Repeat the listing below in full and exactly, but without its pictures.

:: The data ::

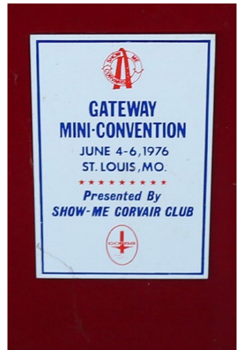
This sticker on the engine lid is from one of the last shows the red convertible attended. Shortly afterward the drivetrain was removed and the body was stored.
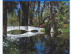
Take in the Picturesque Views of Charleston

Day 7: Enjoy a Continental Breakfast before departing for home... a perfect time to chat with your friends about all the fun things you've done, the great sights you've seen and where your next group trip will take you!
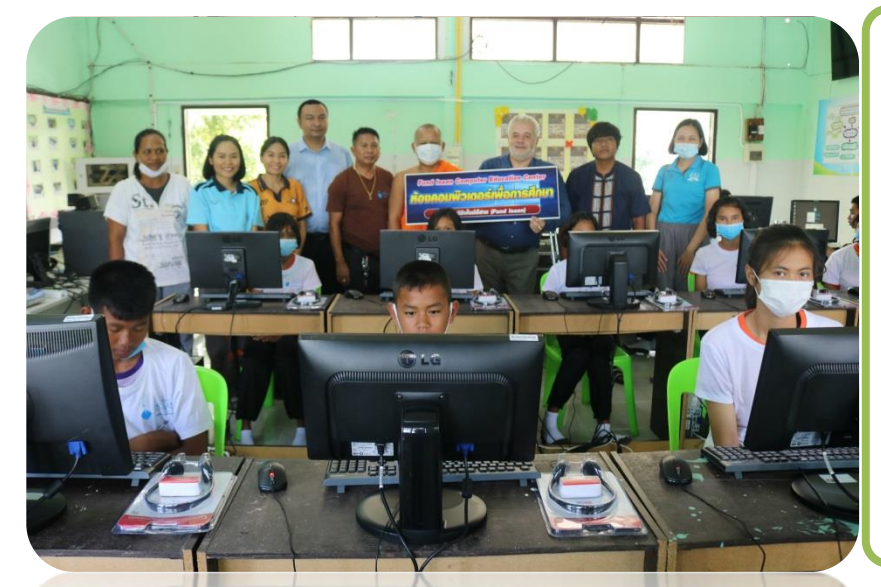
Figure 15: Fund Isaan computer classroom at Matthayom Jaraphat Witthaya School sponsored by VZW Thaise Vrienden Wevelgem

:::

▶ _Solution below_
This sticker on the engine lid is from one of the last shows the red convertible attended. Shortly afterward the drivetrain was removed and the body was stored.
Take in the Picturesque Views of Charleston

Day 7: Enjoy a Continental Breakfast before departing for home... a perfect time to chat with your friends about all the fun things you've done, the great sights you've seen and where your next group trip will take you!
Figure 15: Fund Isaan computer classroom at Matthayom Jaraphat Witthaya School sponsored by VZW Thaise Vrienden Wevelgem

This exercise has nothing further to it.